Tom Banks
- Full name: Thomas Banks
- Born: 17 August 1858 Salford, England
- Died: 8 September 1915 (aged 57) Salford, England

Rugby union career
- Position(s): Half-back, Three-quarter, Forward

Senior career
- Years: Team / Apps / (Points)
- -1892: Swinton
- Lancashire

International career
- Years: Team / Apps / (Points)
- 1888: British Isles / 8

= Tom Banks (rugby union, born 1858) =

British Lions & England international rugby footballer (1858–1915)

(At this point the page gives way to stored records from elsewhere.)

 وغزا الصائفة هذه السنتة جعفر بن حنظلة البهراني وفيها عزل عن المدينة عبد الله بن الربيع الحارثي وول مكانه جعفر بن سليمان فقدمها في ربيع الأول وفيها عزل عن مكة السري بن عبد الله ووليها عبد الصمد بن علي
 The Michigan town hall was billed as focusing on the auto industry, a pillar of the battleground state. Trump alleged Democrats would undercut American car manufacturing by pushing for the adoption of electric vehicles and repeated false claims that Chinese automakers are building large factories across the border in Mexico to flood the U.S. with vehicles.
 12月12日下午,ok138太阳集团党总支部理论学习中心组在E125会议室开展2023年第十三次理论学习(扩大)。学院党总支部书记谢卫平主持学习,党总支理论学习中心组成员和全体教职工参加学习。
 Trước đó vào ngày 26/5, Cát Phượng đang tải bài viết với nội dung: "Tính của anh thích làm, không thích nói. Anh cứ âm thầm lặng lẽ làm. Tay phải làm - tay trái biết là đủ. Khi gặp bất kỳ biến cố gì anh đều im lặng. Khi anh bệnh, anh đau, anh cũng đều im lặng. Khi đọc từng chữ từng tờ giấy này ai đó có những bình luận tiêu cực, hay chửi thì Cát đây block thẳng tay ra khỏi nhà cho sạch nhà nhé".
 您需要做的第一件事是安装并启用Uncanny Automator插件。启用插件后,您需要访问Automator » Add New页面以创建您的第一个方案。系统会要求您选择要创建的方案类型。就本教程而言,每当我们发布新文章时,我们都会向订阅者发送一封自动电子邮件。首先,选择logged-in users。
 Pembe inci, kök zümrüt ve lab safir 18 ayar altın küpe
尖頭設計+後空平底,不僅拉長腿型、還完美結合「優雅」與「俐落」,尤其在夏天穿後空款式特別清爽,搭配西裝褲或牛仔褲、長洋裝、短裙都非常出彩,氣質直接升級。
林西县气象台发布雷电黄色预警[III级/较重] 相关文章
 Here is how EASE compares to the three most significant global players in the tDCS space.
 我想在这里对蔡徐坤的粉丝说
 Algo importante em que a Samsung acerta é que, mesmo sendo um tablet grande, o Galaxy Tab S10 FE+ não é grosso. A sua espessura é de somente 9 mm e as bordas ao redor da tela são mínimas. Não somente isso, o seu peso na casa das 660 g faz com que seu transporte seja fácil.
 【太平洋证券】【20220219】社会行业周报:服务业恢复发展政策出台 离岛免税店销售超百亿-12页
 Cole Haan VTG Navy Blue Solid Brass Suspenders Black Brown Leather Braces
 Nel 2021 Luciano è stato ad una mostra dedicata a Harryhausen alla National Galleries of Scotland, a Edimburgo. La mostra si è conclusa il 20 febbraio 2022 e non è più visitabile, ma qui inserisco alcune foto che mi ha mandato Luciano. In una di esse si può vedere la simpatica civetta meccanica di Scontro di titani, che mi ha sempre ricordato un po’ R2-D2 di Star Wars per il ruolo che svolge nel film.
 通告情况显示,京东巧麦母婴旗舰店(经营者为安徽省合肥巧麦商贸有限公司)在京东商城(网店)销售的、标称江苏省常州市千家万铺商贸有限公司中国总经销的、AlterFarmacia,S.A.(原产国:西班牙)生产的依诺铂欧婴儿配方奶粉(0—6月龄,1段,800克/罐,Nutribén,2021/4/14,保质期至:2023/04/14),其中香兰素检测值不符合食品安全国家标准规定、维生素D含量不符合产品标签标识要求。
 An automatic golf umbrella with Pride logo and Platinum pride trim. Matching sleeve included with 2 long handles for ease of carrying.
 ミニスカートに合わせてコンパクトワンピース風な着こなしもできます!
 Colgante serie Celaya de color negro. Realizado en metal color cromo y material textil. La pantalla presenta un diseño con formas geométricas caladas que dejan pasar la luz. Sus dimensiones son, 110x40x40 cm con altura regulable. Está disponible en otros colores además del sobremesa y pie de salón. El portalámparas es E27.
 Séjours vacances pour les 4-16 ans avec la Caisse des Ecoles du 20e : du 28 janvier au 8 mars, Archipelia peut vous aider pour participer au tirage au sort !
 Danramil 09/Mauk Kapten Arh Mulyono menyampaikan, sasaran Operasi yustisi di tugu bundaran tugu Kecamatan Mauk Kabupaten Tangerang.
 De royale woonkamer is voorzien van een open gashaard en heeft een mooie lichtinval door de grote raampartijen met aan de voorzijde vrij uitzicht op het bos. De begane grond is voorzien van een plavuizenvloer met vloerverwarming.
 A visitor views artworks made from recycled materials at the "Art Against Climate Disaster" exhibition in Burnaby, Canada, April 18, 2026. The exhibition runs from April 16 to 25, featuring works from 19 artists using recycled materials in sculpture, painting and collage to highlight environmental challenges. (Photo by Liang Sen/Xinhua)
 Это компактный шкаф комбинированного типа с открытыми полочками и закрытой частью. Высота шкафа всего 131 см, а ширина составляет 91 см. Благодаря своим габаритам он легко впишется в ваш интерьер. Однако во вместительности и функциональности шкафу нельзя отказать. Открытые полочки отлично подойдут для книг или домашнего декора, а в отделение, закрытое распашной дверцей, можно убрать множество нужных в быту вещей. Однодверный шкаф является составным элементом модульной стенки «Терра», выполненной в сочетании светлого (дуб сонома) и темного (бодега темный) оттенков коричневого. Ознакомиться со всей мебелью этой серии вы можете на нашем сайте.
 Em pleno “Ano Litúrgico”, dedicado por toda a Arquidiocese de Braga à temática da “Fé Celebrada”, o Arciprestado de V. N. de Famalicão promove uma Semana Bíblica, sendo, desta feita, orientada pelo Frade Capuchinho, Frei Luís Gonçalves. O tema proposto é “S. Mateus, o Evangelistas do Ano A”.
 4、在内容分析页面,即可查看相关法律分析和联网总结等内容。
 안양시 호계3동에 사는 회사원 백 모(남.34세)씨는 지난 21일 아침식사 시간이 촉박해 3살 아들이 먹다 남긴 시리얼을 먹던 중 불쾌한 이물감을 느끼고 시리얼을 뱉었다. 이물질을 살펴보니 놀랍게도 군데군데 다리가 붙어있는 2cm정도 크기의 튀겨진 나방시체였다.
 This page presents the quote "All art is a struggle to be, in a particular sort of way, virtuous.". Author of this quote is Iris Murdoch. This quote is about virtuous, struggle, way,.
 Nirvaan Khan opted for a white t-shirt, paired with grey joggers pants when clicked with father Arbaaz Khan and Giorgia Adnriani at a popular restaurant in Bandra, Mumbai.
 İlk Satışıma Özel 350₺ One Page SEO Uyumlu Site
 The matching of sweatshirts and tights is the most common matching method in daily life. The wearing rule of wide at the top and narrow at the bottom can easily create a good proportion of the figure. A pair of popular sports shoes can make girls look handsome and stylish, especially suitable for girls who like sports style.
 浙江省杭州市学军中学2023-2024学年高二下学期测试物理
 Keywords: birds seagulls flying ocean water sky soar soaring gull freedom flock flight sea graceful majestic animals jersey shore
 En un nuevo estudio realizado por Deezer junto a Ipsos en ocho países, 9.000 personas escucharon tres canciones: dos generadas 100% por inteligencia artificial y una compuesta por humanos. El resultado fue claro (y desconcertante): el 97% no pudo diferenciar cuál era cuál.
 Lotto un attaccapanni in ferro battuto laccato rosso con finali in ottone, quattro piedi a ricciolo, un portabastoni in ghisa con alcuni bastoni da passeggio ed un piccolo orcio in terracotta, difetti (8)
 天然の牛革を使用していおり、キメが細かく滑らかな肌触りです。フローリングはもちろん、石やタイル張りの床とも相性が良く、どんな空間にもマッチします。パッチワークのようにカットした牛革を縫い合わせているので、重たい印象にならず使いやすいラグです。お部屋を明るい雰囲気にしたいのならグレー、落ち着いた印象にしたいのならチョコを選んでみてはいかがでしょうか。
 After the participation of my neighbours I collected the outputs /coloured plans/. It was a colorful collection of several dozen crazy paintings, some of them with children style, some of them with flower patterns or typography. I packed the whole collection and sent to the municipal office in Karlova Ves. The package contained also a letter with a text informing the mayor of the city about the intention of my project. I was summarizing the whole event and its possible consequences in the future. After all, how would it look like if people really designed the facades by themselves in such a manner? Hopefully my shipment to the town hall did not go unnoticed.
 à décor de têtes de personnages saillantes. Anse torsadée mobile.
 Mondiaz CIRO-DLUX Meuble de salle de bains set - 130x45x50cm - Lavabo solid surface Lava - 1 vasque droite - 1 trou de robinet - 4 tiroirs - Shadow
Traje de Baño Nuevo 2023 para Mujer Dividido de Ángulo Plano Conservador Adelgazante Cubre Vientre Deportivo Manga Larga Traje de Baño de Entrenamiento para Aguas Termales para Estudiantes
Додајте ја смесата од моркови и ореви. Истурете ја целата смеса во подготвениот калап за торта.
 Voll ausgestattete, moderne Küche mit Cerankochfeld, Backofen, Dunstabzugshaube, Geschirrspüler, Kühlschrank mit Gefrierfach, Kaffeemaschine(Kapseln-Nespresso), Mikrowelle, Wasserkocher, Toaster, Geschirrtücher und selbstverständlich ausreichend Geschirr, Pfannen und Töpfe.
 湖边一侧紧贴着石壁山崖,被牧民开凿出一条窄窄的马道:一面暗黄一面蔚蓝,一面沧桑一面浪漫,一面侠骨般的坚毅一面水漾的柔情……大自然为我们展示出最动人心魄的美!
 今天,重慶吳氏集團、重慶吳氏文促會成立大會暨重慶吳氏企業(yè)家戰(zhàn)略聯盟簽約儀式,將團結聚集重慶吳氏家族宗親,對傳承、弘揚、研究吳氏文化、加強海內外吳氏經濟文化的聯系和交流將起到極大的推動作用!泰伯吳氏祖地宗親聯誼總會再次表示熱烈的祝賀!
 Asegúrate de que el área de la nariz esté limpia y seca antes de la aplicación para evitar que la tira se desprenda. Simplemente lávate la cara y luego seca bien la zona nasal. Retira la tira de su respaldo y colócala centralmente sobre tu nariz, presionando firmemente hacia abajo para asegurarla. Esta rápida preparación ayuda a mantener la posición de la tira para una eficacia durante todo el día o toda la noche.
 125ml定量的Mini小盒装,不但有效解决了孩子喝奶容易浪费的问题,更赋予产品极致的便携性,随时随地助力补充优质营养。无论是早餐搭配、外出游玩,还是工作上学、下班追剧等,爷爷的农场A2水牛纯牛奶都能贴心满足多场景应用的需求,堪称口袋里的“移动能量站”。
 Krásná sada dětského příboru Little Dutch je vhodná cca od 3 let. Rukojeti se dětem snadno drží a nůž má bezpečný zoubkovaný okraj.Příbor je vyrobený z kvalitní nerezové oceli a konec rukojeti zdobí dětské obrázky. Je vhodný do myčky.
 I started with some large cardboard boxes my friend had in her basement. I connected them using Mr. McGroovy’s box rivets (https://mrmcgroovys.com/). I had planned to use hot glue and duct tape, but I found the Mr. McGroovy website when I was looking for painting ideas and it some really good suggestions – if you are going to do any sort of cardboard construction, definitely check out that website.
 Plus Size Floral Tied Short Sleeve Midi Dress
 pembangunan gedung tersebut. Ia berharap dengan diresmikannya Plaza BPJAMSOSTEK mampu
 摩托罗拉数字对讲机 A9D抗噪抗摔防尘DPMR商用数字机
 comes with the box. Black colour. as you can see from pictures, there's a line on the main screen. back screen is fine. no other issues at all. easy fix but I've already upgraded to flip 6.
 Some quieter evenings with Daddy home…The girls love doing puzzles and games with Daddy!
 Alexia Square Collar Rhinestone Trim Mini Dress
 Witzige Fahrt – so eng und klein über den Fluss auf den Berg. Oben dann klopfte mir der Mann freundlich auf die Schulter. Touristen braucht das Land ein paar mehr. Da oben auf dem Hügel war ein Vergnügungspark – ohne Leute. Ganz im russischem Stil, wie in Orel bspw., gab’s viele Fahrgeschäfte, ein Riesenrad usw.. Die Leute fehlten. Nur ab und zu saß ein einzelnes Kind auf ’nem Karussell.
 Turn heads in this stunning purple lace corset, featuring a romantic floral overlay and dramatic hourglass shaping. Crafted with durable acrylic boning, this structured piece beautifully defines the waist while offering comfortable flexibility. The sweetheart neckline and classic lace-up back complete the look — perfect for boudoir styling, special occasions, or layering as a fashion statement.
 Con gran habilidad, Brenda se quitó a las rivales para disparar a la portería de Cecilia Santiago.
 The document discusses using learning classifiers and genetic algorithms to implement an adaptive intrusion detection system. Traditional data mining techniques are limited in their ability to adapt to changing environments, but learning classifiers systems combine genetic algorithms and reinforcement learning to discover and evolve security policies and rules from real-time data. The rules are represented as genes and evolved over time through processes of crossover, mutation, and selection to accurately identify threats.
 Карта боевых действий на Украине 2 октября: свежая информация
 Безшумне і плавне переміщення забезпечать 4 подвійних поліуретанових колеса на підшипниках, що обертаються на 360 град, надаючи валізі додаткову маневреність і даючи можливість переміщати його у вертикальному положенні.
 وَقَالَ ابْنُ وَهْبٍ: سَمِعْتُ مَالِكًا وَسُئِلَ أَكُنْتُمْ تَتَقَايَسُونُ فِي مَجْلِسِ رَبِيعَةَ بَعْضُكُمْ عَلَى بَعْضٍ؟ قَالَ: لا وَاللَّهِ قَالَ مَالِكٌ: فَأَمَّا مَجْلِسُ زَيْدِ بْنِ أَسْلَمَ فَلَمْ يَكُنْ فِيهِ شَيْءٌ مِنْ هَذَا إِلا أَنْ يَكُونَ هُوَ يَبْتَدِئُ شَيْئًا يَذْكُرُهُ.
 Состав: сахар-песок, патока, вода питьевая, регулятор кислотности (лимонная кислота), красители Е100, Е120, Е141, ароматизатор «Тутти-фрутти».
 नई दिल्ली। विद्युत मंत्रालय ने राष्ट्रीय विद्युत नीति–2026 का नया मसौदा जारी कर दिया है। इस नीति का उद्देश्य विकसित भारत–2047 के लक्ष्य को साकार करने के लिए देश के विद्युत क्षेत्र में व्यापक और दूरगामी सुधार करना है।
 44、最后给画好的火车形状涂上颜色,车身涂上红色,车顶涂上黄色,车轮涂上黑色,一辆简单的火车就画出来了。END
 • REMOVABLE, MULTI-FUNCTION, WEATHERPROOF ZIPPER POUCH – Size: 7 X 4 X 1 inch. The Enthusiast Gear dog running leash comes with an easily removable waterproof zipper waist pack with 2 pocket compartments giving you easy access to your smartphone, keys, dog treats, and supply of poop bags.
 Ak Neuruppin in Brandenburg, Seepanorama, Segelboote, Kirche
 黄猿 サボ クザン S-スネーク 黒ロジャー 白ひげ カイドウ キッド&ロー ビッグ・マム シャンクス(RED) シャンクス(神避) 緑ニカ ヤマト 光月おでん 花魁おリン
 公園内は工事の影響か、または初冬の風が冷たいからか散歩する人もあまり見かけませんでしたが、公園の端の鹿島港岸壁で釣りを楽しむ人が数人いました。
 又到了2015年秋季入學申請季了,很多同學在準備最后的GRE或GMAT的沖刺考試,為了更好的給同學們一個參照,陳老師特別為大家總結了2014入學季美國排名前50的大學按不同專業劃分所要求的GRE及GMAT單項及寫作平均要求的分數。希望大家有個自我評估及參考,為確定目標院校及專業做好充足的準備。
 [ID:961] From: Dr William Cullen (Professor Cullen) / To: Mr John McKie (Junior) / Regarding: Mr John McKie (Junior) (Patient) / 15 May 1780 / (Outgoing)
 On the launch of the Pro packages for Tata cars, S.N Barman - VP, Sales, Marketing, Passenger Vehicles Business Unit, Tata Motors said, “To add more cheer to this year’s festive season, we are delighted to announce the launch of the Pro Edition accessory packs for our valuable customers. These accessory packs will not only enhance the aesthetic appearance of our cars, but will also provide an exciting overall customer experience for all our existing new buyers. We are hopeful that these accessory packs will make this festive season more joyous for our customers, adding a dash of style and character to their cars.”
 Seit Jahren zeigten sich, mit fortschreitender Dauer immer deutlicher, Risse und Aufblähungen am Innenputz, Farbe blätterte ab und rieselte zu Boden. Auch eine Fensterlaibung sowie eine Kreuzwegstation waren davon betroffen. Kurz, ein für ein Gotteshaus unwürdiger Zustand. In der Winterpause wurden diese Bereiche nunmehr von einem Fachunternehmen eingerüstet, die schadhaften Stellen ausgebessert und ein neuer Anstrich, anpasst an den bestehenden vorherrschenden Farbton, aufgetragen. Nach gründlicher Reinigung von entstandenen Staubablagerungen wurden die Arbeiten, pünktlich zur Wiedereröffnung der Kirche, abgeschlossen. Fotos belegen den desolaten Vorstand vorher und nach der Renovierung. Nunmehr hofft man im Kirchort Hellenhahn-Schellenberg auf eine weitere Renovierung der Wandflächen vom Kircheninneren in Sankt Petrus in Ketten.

Thomas Banks (17 August 1858 – 8 September 1915) was an English rugby footballer who played in the 1880s and 1890s. He played at representative level for British Isles, and Lancashire, and at club level for Swinton, as a half-back, three-quarters, or forward.

==Background==
Banks was born in the County Borough of Salford, Lancashire, England on 17 August 1858. He studied at the University of Edinburgh Medical School; while there, he won the long-distance swimming championship. Banks died in Salford on 8 September 1915, at the age of 57.

==Playing career==
Banks won cap(s) for British Isles while at Swinton on the 1888 British Lions tour to New Zealand and Australia, against Otago on Saturday 28 April 1888, against Otago (1-try) on Wednesday 2 May 1888, against Canterbury on Wednesday 9 May 1888, against Wellington on Saturday 12 May 1888, against Queensland on Saturday 25 August 1888, against Newcastle (1-try) on Wednesday 29 August 1888, against Auckland on 8 September 1888, and against Auckland on Wednesday 12 September 1888.